+++ Records supplied +++

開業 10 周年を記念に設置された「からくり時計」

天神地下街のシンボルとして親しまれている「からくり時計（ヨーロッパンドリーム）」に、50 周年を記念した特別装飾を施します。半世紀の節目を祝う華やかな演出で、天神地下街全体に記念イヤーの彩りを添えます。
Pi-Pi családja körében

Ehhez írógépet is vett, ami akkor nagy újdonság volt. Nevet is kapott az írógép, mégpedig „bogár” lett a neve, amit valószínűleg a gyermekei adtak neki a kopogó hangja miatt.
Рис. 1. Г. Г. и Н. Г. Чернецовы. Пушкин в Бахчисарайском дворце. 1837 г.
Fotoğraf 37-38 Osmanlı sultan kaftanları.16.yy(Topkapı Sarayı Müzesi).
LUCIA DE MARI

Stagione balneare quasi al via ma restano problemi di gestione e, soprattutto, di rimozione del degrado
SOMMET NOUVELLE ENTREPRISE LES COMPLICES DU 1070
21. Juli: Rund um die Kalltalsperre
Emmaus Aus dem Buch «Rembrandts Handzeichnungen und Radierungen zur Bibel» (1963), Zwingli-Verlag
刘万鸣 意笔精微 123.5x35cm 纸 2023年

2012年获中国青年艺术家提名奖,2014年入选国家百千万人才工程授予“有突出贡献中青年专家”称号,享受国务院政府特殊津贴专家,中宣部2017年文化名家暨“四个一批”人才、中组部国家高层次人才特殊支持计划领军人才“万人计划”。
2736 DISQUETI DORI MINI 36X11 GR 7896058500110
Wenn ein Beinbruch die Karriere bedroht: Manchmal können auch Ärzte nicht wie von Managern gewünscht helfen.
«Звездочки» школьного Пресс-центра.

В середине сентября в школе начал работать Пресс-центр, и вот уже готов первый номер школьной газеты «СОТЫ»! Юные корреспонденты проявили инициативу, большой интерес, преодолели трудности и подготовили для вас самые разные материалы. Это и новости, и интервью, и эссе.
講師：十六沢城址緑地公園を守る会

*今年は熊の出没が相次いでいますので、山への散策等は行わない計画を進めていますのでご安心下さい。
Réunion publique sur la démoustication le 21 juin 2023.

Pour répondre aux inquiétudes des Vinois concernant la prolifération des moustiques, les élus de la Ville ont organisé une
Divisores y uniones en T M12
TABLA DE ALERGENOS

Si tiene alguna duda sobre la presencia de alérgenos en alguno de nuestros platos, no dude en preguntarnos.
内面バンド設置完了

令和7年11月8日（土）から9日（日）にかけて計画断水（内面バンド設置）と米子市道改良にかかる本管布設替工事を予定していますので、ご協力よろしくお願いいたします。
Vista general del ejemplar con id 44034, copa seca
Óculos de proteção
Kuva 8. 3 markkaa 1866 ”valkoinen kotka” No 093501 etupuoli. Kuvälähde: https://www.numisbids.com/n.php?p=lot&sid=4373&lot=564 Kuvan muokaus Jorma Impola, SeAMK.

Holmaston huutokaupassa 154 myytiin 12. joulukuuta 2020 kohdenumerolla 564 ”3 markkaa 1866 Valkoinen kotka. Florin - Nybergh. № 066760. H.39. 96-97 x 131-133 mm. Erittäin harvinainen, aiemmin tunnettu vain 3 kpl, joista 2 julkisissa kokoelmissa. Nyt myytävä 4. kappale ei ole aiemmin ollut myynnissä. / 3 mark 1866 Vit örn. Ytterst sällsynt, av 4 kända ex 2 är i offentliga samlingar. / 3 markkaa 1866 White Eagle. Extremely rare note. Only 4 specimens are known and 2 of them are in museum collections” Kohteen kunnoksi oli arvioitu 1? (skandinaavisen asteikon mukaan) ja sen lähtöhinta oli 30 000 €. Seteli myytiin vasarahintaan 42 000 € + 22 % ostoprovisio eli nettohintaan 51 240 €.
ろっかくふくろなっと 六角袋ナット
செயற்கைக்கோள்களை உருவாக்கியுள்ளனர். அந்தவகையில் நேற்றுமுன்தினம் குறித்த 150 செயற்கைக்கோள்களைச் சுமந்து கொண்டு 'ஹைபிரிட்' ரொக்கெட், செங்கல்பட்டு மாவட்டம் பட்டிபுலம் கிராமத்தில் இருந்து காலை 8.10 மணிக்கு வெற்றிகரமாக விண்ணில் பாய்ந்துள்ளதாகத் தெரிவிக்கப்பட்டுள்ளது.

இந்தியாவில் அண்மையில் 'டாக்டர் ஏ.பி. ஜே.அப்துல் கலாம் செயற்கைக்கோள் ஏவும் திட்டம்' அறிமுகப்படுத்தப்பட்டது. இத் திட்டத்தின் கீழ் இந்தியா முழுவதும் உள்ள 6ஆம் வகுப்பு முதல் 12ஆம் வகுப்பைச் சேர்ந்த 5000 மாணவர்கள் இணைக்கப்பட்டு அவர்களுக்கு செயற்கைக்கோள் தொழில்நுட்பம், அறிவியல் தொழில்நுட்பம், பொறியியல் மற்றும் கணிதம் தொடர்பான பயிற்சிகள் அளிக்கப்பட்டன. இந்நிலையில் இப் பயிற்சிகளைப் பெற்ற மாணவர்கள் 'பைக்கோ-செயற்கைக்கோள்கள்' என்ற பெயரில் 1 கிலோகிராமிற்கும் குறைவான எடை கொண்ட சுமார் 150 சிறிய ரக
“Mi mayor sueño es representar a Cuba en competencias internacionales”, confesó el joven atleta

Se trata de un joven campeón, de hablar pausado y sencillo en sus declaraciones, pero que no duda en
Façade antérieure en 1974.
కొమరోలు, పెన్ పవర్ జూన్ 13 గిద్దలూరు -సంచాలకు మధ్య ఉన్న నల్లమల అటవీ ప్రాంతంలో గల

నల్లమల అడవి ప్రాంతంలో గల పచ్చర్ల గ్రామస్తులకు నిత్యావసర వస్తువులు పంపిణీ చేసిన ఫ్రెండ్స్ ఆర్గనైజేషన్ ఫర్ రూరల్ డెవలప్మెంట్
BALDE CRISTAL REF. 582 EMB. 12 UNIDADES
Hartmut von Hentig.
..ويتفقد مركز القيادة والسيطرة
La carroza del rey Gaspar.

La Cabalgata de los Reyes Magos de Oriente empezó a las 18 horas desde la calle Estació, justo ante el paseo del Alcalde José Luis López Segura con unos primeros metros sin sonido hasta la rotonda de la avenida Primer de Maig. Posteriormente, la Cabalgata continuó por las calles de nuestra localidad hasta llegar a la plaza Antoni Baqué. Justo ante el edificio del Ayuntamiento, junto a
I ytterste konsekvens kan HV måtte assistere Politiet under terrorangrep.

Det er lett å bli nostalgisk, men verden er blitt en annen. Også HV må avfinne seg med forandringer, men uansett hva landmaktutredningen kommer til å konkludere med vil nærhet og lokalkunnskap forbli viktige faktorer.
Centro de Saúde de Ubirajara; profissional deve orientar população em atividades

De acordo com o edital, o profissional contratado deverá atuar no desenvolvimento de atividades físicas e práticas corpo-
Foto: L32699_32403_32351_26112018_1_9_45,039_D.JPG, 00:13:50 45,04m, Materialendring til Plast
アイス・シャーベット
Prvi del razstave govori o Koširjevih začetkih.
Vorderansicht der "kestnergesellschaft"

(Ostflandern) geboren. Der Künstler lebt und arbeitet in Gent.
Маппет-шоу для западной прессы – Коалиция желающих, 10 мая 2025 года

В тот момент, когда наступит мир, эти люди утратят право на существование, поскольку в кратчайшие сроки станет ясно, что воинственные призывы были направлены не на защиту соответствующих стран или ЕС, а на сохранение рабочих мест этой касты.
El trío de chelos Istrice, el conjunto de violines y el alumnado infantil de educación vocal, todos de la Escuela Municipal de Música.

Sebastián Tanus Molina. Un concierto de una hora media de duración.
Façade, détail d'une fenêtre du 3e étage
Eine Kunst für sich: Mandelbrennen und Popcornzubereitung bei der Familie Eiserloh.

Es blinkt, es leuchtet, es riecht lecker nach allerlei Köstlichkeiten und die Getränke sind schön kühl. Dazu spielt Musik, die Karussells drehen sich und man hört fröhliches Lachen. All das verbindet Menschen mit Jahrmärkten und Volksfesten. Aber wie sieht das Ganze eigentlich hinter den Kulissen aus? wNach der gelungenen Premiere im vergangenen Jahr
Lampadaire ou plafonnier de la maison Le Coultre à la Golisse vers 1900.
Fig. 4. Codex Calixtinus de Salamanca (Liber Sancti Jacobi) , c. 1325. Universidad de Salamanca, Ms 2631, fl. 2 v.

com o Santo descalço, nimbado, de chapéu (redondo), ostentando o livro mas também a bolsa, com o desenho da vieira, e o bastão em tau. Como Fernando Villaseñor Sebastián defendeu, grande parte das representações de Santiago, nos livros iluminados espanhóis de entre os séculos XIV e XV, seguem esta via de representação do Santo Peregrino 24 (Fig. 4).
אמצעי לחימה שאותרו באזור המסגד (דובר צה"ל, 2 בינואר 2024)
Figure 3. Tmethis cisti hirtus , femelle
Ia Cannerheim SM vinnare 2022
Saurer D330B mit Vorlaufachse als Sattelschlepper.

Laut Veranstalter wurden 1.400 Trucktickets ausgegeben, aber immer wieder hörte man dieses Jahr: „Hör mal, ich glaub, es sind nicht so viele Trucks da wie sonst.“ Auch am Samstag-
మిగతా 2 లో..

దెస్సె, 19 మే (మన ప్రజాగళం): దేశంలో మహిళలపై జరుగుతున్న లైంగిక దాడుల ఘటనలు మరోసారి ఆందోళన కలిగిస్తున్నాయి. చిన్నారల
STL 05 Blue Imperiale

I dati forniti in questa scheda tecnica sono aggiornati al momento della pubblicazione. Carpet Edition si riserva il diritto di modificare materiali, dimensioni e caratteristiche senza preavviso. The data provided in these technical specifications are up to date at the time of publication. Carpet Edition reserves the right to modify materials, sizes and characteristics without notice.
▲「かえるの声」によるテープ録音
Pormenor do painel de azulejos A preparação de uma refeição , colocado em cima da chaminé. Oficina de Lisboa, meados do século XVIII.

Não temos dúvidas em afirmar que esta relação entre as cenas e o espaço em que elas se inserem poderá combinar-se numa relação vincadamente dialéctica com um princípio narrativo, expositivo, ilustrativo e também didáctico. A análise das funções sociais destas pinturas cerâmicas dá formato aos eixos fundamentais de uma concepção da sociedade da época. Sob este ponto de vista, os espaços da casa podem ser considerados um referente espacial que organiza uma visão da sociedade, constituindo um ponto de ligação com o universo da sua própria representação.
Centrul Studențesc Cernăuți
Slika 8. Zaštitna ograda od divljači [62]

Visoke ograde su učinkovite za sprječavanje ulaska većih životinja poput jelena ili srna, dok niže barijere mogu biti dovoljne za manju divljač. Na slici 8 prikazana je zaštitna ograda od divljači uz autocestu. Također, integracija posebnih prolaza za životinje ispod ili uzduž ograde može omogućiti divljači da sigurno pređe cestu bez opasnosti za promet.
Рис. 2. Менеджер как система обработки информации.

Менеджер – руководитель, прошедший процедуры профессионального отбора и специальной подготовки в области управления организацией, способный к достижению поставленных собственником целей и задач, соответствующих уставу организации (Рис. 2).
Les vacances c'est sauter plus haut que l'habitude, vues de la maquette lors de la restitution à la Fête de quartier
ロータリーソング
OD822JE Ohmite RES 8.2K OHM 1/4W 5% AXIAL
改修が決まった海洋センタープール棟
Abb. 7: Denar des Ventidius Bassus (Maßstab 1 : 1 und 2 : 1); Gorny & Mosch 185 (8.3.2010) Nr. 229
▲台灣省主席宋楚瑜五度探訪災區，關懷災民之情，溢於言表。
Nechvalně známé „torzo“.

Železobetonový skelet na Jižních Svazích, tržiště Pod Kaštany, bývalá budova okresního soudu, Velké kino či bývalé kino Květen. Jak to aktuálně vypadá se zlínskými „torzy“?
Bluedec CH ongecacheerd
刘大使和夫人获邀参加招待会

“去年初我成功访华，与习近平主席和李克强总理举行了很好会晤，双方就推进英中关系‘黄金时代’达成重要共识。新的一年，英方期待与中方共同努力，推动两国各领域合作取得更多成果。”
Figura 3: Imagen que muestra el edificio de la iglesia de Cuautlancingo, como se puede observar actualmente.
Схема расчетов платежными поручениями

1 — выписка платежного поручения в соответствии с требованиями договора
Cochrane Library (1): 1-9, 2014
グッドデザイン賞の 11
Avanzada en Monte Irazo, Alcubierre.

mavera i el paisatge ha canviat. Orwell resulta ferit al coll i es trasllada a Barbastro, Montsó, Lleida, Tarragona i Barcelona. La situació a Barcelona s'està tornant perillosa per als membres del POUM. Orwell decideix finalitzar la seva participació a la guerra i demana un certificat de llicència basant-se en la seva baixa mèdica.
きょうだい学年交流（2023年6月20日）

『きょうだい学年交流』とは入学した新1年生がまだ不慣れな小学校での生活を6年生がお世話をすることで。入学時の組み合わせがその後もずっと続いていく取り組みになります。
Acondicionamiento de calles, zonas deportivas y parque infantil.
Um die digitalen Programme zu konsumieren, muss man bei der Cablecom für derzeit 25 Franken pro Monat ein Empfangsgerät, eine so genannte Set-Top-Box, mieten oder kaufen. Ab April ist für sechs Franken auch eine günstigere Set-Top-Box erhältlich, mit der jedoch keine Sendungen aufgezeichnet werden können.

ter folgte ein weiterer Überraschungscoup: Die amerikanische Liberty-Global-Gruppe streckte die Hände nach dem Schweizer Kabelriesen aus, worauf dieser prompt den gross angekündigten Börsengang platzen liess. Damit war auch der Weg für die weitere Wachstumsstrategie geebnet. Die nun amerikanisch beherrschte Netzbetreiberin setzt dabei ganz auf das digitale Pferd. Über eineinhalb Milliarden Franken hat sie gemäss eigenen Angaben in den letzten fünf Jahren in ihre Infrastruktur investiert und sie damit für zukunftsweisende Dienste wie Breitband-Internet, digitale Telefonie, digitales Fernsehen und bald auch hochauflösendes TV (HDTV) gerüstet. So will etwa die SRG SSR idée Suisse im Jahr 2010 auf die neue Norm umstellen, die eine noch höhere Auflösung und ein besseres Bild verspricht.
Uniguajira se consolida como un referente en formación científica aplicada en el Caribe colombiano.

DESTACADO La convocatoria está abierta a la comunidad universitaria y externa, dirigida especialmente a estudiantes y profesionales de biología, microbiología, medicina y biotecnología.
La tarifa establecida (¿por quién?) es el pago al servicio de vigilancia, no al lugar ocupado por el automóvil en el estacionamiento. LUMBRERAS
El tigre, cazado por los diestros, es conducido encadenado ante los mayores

+++

# Problem details
Stop after the line containing "刘万鸣 意笔精微 123.5x35cm 纸 2023年": print exactly the lines from the start of the entries above up to it, that line included.

# Completed task
開業 10 周年を記念に設置された「からくり時計」

天神地下街のシンボルとして親しまれている「からくり時計（ヨーロッパンドリーム）」に、50 周年を記念した特別装飾を施します。半世紀の節目を祝う華やかな演出で、天神地下街全体に記念イヤーの彩りを添えます。
Pi-Pi családja körében

Ehhez írógépet is vett, ami akkor nagy újdonság volt. Nevet is kapott az írógép, mégpedig „bogár” lett a neve, amit valószínűleg a gyermekei adtak neki a kopogó hangja miatt.
Рис. 1. Г. Г. и Н. Г. Чернецовы. Пушкин в Бахчисарайском дворце. 1837 г.
Fotoğraf 37-38 Osmanlı sultan kaftanları.16.yy(Topkapı Sarayı Müzesi).
LUCIA DE MARI

Stagione balneare quasi al via ma restano problemi di gestione e, soprattutto, di rimozione del degrado
SOMMET NOUVELLE ENTREPRISE LES COMPLICES DU 1070
21. Juli: Rund um die Kalltalsperre
Emmaus Aus dem Buch «Rembrandts Handzeichnungen und Radierungen zur Bibel» (1963), Zwingli-Verlag
刘万鸣 意笔精微 123.5x35cm 纸 2023年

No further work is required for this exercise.